6. The method of claim 4, wherein the dose administered does not cause histological or clinical evidence of atherosclerosis at about 7 days, about 14 days, or about 21 days.

7. The method of claim 4, wherein the expression levels are measured as log10 ratios of compound-treated biological sample to a compound-untreated biological sample.

8. The method of claim 4, wherein the classifier is a linear classifier.

9. The method of claim 4, wherein the classifier is a non-linear classifier.

10. The method of claim 4, wherein the selected period of time is about 7 days or fewer.

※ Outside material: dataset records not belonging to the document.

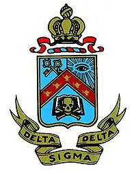 The Greek letters ΔΣΔ represent the letters D.D.S. of the dental degree, although with a transposed sequence.[2] The fraternity's colors are blue and garnet.[5] Its motto is "Knowledge, Strength, Justice".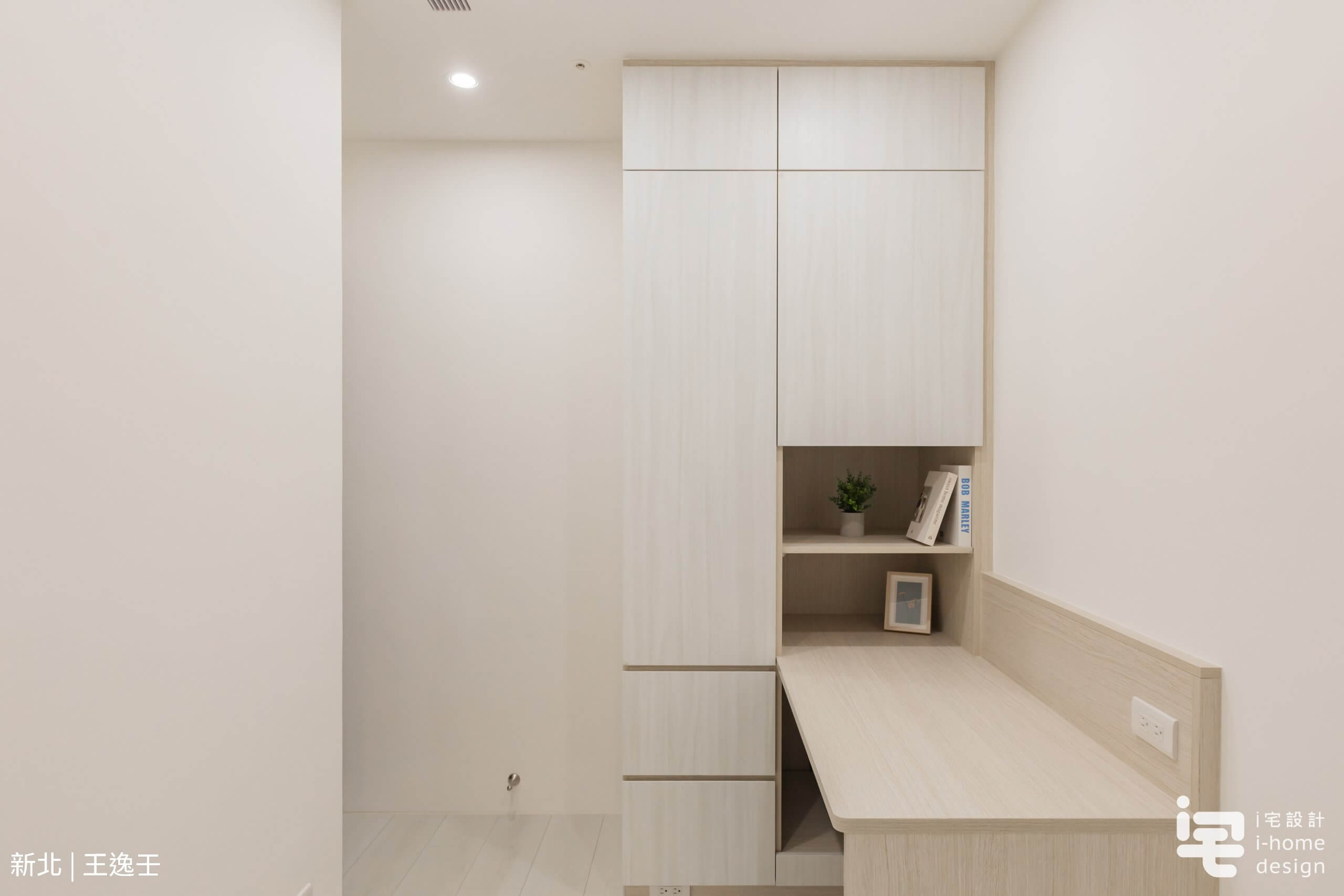 ▼設計師將衣櫃、書架、工作桌整合於一體,運用淺色木紋板材從地面延伸至天花板,創造出高效率的垂直收納牆。書桌嵌入櫃體結構中,側邊配置插座,開放層架方便收納書籍與小物,滿足現代工作學習的需求,也是小宅最常見、也最實用的配置之一。
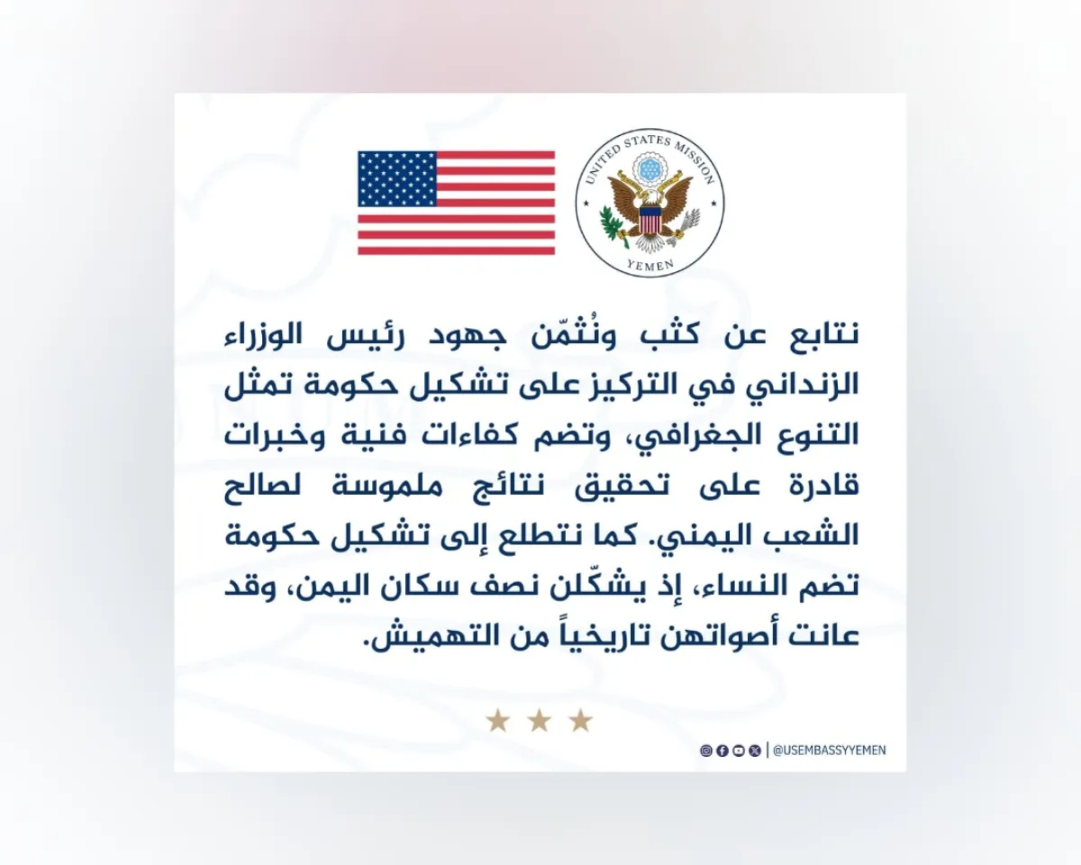 واشنطن: نتابع جهود تشكيل حكومة يمنية تمثل التنوع الجغرافي

11. A reagent set comprising a plurality of polynucleotides or polypeptides representing a plurality of genes selected from those listed in Table 4.

12. The reagent set of claim 11, comprising a plurality of genes includes at least 4 genes selected from those listed in Table 4, the 4 genes having at least 2% of the total impact of all of the genes in Table 4.

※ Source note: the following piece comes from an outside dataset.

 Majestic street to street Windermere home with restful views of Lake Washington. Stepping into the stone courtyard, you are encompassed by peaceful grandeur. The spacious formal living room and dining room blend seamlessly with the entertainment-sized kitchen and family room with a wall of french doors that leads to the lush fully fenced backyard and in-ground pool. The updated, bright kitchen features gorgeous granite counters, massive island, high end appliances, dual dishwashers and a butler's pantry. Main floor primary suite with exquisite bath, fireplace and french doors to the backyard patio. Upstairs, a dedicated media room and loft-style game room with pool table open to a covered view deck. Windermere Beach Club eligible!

13. The reagent set of claim 11, comprising a plurality of genes includes at least 8 genes selected from those listed in Table 4, the 8 genes having at least 4% of the total impact of all of the genes in Table 4.

14. The reagent set of claim 11, wherein the reagent set is based on subsets of genes randomly selected from Table 4, wherein the subset includes at least 4 genes having at least 1, 2, 4, 8, 16, 32, or 64% of the total impact.

15. The reagent set of claim 11, wherein the plurality of genes consists of fewer than 1000 polynucleotides or polypeptides.

16. The reagent set of claim 15, wherein the plurality of genes consists of fewer than 200 polynucleotides or polypeptides.

17. The reagent set of claim 15, wherein the plurality of genes consists of fewer than 8 polynucleotides or polypeptides.

18. The reagent set of claim 11, wherein the reagent set consists essentially of polynucleotides or polypeptides selected from Table 4.

19. An apparatus for predicting whether a compound will induce atherosclerosis in a test subject comprising a reagent set of claim 11.